(Records from a data collection)
.....
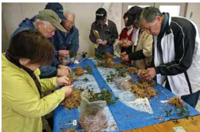
英国へ贈る苗木の発送準備をする会員ら

会員らが一昨年9月から町内の専用ハウスで苗木を育て、12月2日に「本霧島」や「八重霧島」など10品種を初めて発送しました。育成を待って今春以降に、南部の都市サウサンプトンにある「エクスペリーガーデン」に植樹されます。
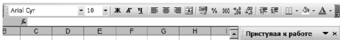
Рис. Поле для ввода формул f(x) табличного процессора Excel

часто выполняется через поле f(x) . При этом происходит помещение функции в «активную клетку».
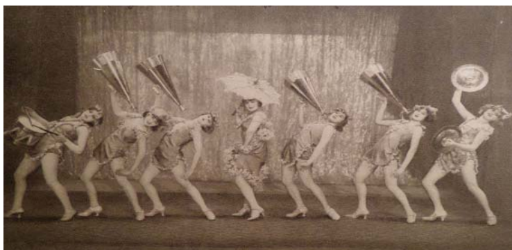
1–2. ábra. Miss Arizona Miniatur Revue – My Baby
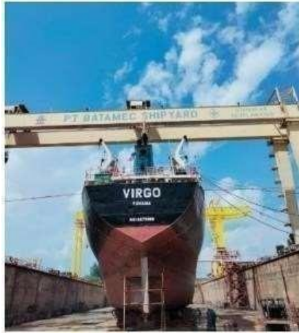
Gambar 1.21 Graving Dock

Size: (L) 145 M x (W) 40 M x (D) 7 M, dengan luas 5000 m 2 dan mempunyai 2 x 160 T Gantry Crane dengan tinggi 32 m dan sebuah Jib Crane 16 Ton.
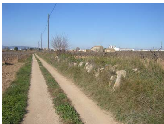
Tram 1: Detall mur de pedra seca.
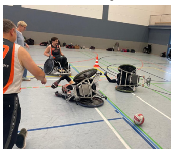
Einsatz bis zum Umfallen an unserem Heimspieltag...

Ohne unsere zahlreichen Helfer wäre dies undenkbar gewesen! Danke an alle Helferinnen und Helfer, ob im Hintergrund oder im Vordergrund, die dieses Saisonergebnis erst möglich gemacht haben. Danke an die Betreuer, die Mechaniker, die Helfer im Verkauf an den Heimspieltagen, dem Hauptverein und ganz besonders an unsere Hausmeister für die großartige Unterstützung. Wir sind uns bewusst, dass unsere Spieltage auch für die Hausmeister einen enormen Aufwand verursachen. Vielen Dank, dass Ihr uns dennoch so tatkräftig unterstützt!
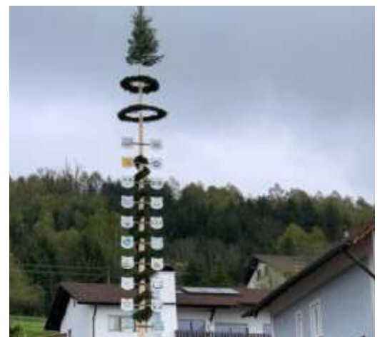
Auf gutem Fundament gebaut – die neue Halterung des Maibaumes in Schrattenbach
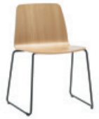
Sled base Pie de varilla
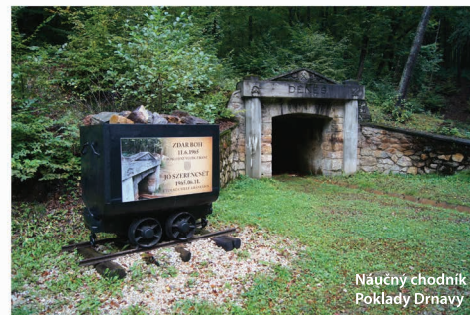
Náučný chodník Poklady Drnavy

Medzi klenoty horného Gemera určite patria aj kaštieľ s anglickým parkom v Betliari , hrad Krásna Hôrka (v rekonštrukcii) a mauzólem Andrássyovcov v Krásnohorskom Podhradí , prezývané aj „slovenský Taj-Mahal“.
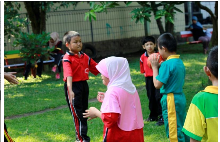
Gambar 8. Kegiatan Explorasi di taman setelah senam
.....
◆ **About this task**
Tally the lines above that include "Gambar"; give only the tally.

◆ **Your response**
2